In the early, online edition of the Proceedings of the National Academy of Sciences, researchers from the Universities of Virginia and Massachusetts present a strategy for reactivating MECP2 — the X-linked gene that undergoes loss-of-function mutation in the neurodevelopmental condition called Rett syndrome — from the inactive X chromosome in human cell lines and mouse models. Rett syndrome usually affects females, who carry mutated MECP2 and a wild type version of the gene, the team says, each expressed in half of cells due to X chromosome inactivation. Using small molecule inhibitors that target X chromosome inactivation factors, the authors say, they can overcome X inactivation of MECP2 to boost the gene's expression in mouse fibroblasts, human induced pluripotent stem cells, and adult mice. "Collectively," they say, "our results … establish the feasibility of pharmacological reactivation of [inactive X chromosome]-linked MECP2 as a therapeutic approach for [Rett syndrome]."

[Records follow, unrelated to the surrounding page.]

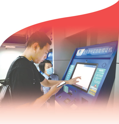 2020年10月27日,广州公安机关工作人员在帮助市民使用居民身份证自助领证机。 |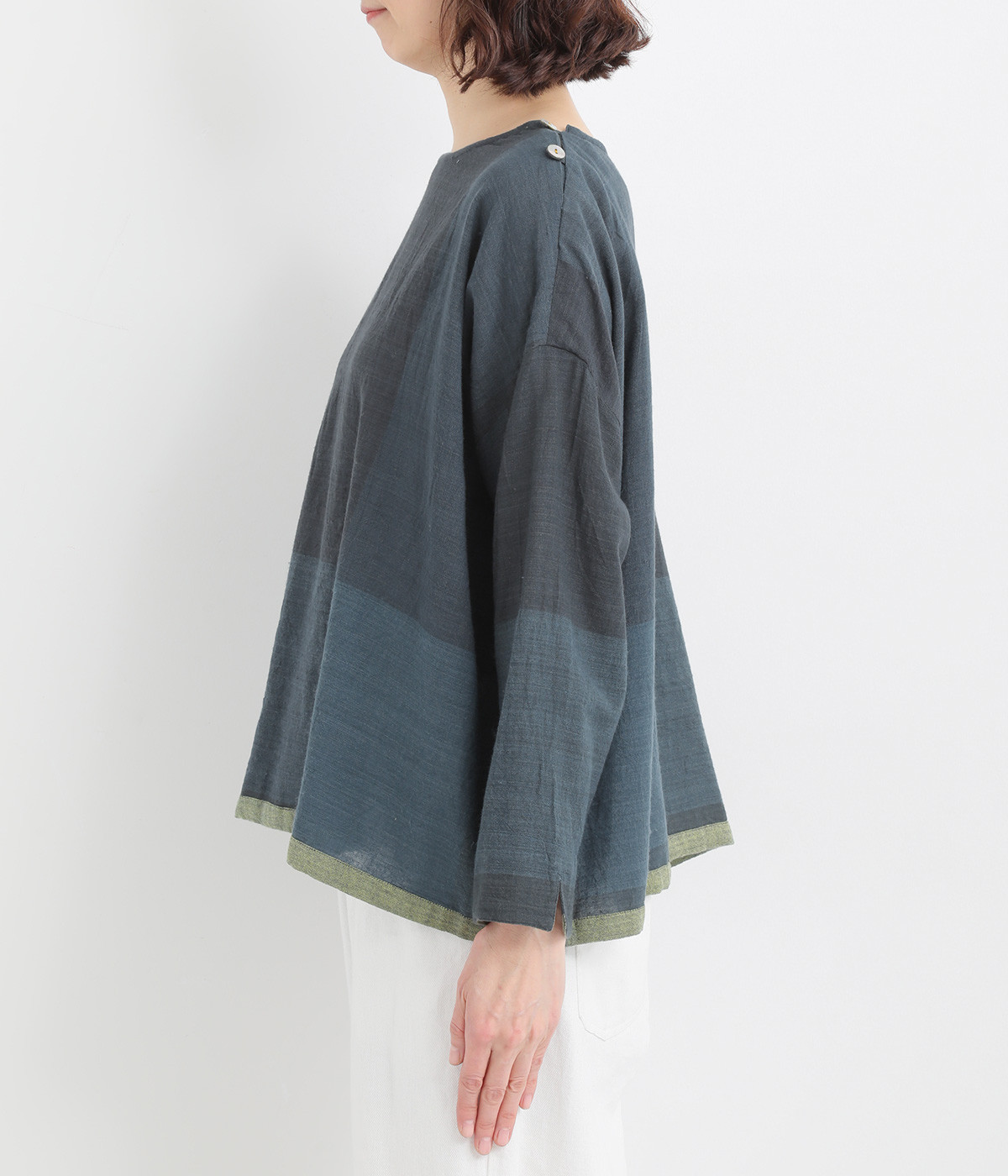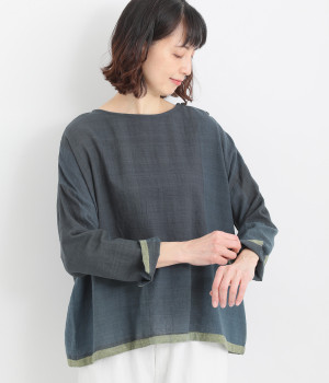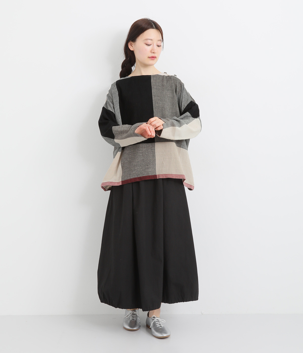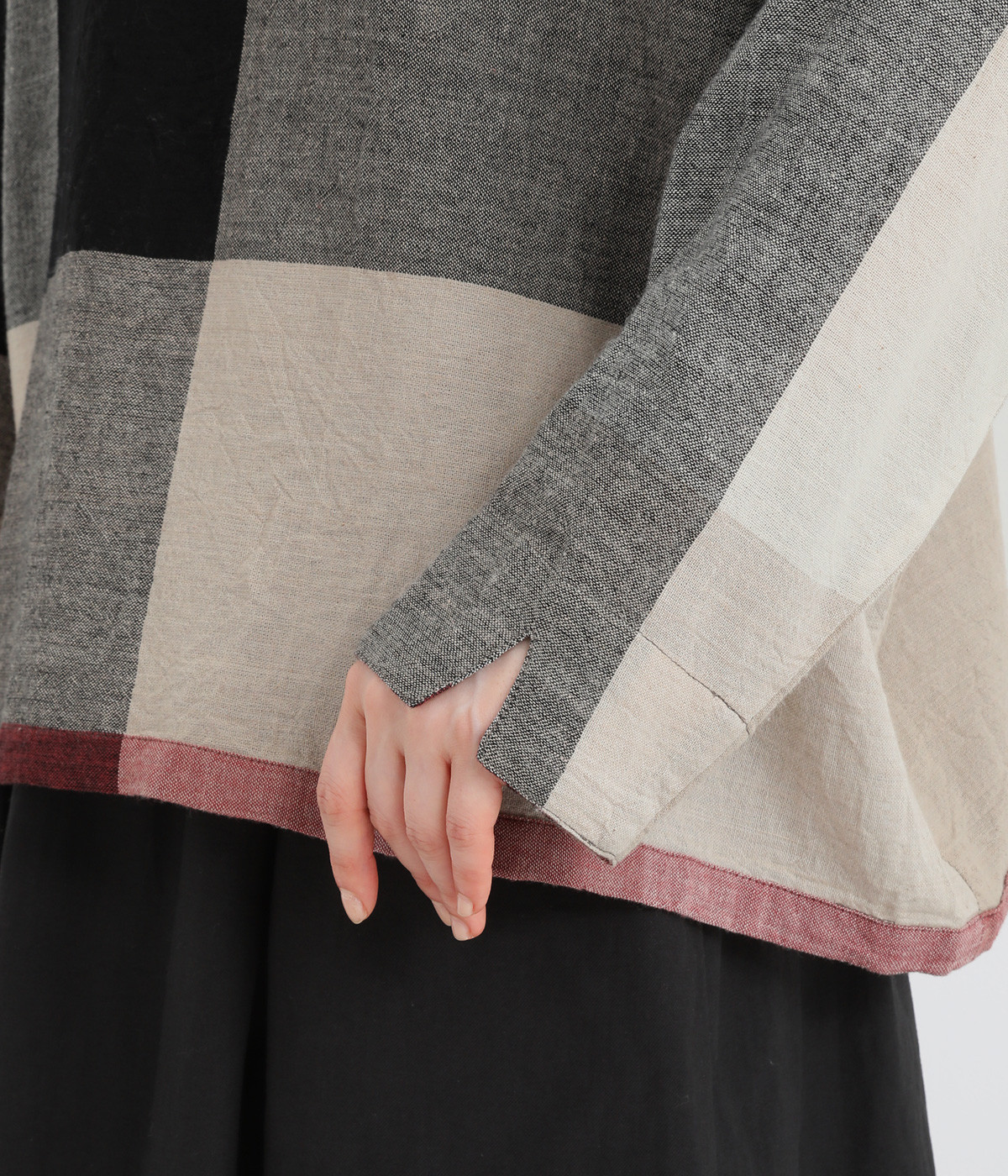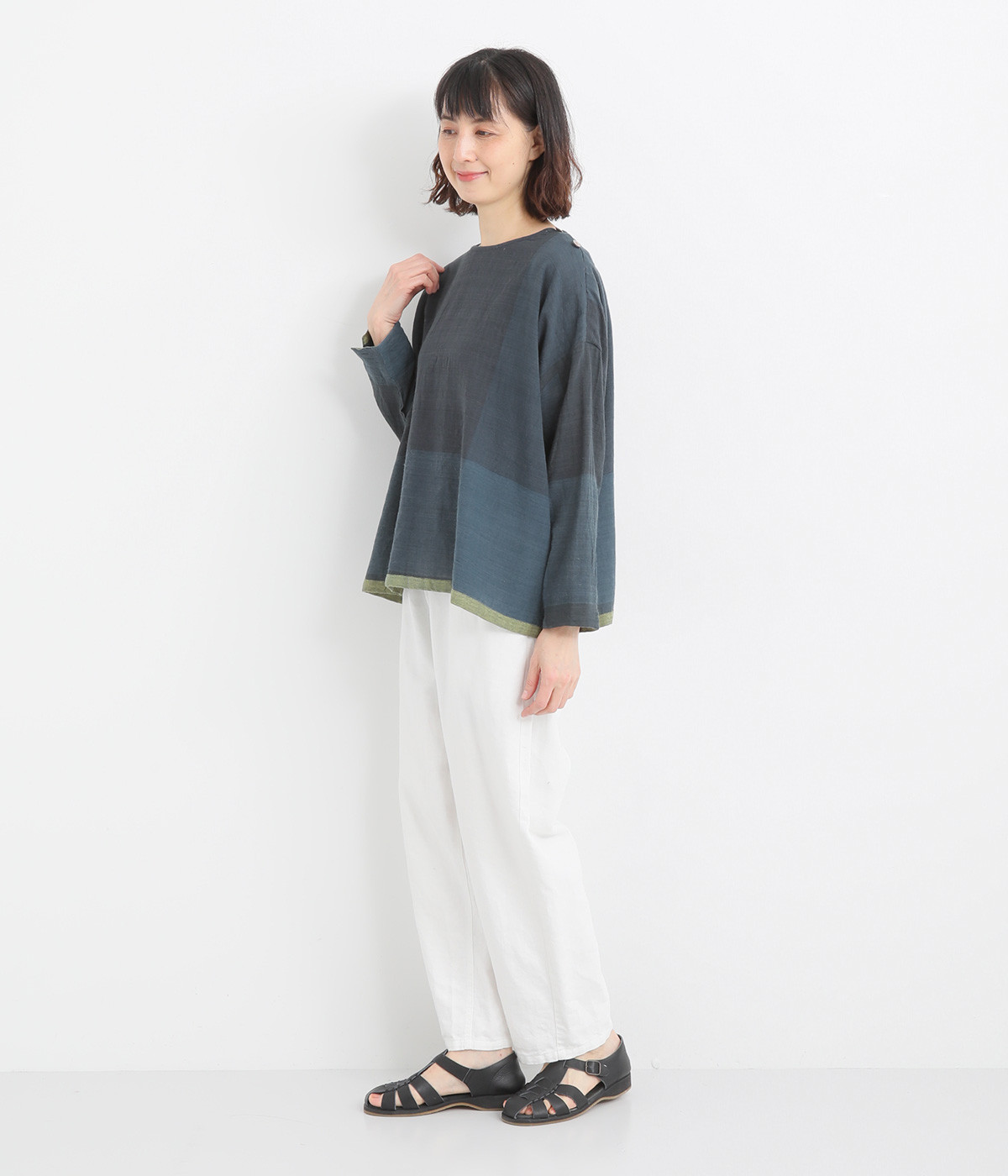 生地の持つ風合いやビッグチェック柄を活かしたゆとりのあるシンプルな仕立てです。裾の無地配色や肩のボタンあきでさり気なくデザイン性を追加。すっきりとしたクルーネックでバランスよく抜け感を作っています。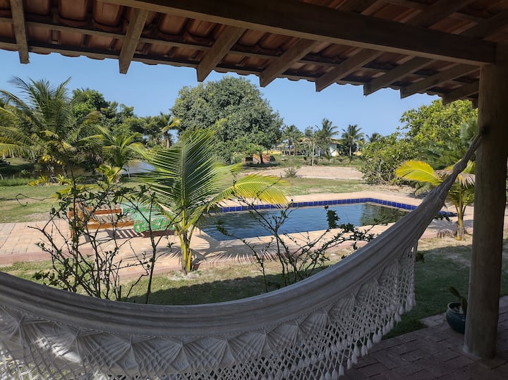بيت وحمام سباحة وبحيرة على شاطئ البحر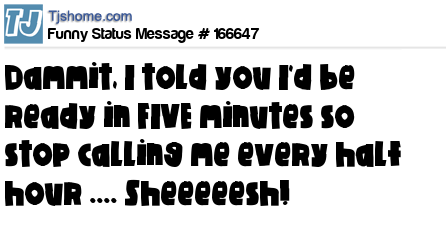 X Dammit, I told you I'd be ready in FIVE minutes so stop calling me every half hour .... Sheeeeesh!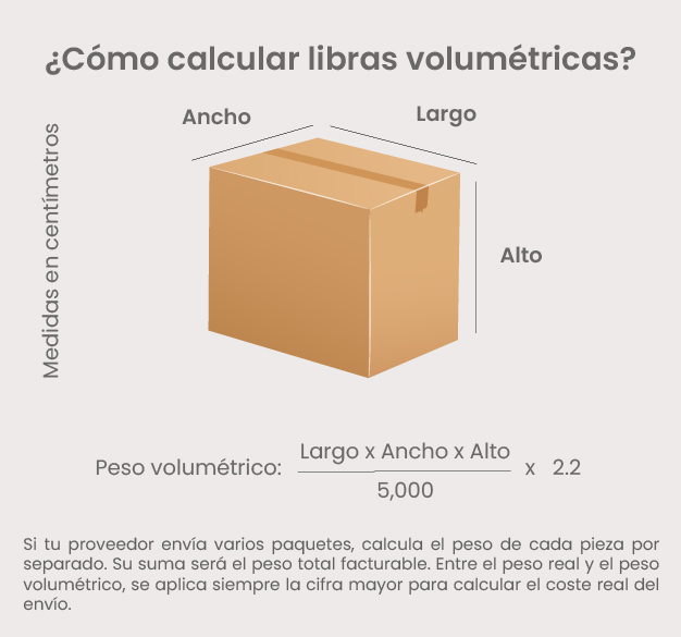 *Tarifas basadas en peso real o volumen, aplica a cobro el mayor. Asegúrate de consultarle a tu proveedor las medidas del paquete y peso para estar seguro de la tarifa a cobrar.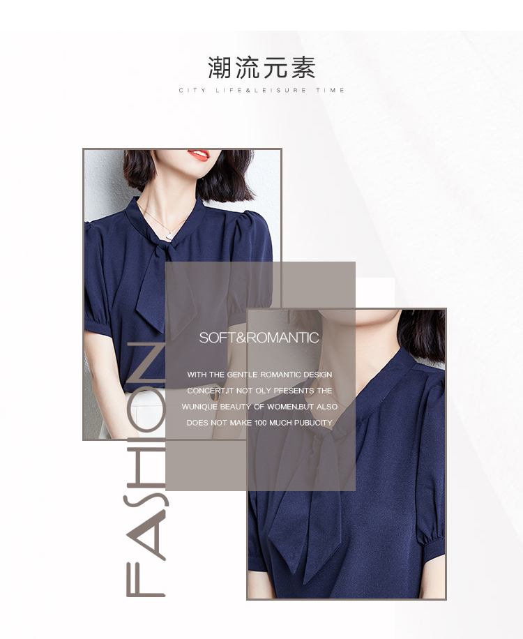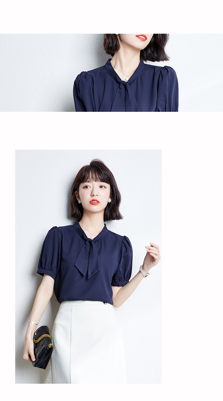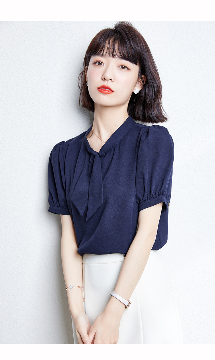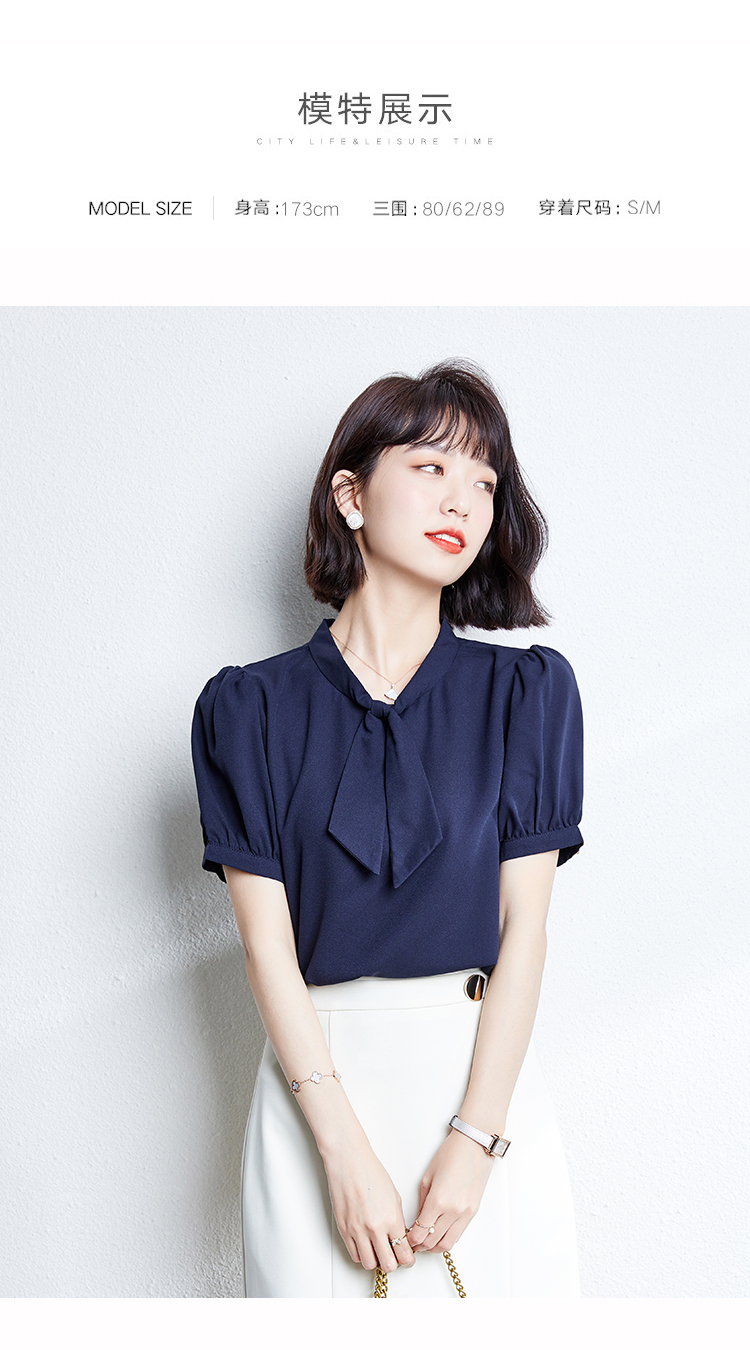 实拍短袖气质衬衫女设计感小众时尚纯色套头泡泡袖百搭雪纺衫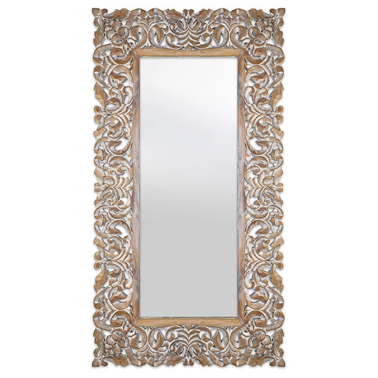 Custom Hand Carved Mirror "Semesta" Natural Wash - 150 x 70 cm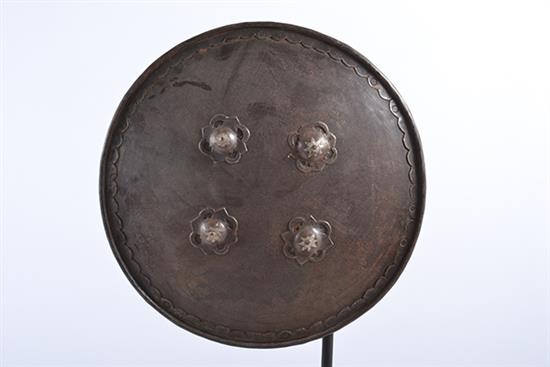 A 19TH CENTURY INDO-PERSIAN SHIELD, with four star studs and etched warrior motif
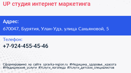UP, студия интернет-маркетинга по адресу 670047, Бурятия, Улан-Удэ, улица Сахьяновой, 5 в дальнейшем Организация, размещена в следующих категориях: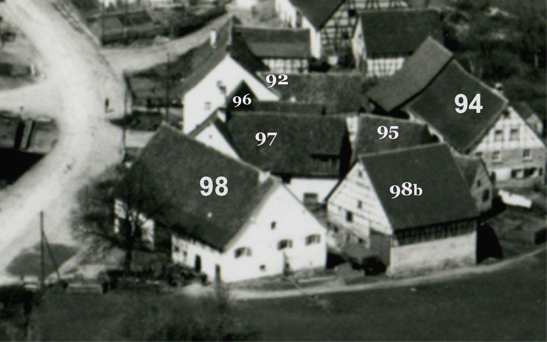 *1714. Kinder, u.a. Franz. 3. Franz Ilg, Bürger und Bauer, * 1736, + 1785, oo1775 Anna Kuhn, * 1747, +?. Intern vermerkt: Anna Kuhn ist die Schwester der Magdalena Kuhn, der Frau des Bernhard Weber - "Kolb alt" - s. Hs. 89. Aus der Ehe kommen 4 Kinder, u.a. Franz. und der Sohn Melchior, * 1775 - dieser findet sich auf Hs. 89 -siehe dort. Kerndorfensemble um 1928 .

A team from the University of California, Berkeley, and the Lawrence Berkeley National Laboratory explore the characteristics of so-called "phosphosite" sequences neighboring tyrosine residues in the epidermal growth factor receptor (EGFR), a region that undergoes autophosphorylation to prompt downstream adaptor protein binding and signaling when the receptor gets activated. The researchers used high-throughput mutational screening to track the phosphorylation and adaptor protein binding consequences of altering three EGFR phosphosites. From these and other analyses, they note that "the sequences of phosphosites in the EGFR tail are restricted to a subset of the range of sequences that can be phosphorylated efficiently by EGFR," pointing to what they call a "trade-off" between effective phosphorylation and downstream binding.
Researchers from the University of Hong Kong and the University of British Columbia report on results from their chemical genetics-based search for small molecules capable of suppressing virulence in pathogenic forms of Staphylococcus aureus through multi-gene targeting. With the help of plasmids containing luminescent reporters and S. aureus virulence gene promoters, the team screened more than 50,240 compounds, narrowing in on 670 compounds that were selected for secondary screening based on their apparent ability to curb virulence promoter activity. The investigators took a closer look at one of these compounds, known as M21, demonstrating that it could reverse virulence in S. aureus, in part by inhibiting a bacterial protease enzyme called ClpP that contributes to virulence.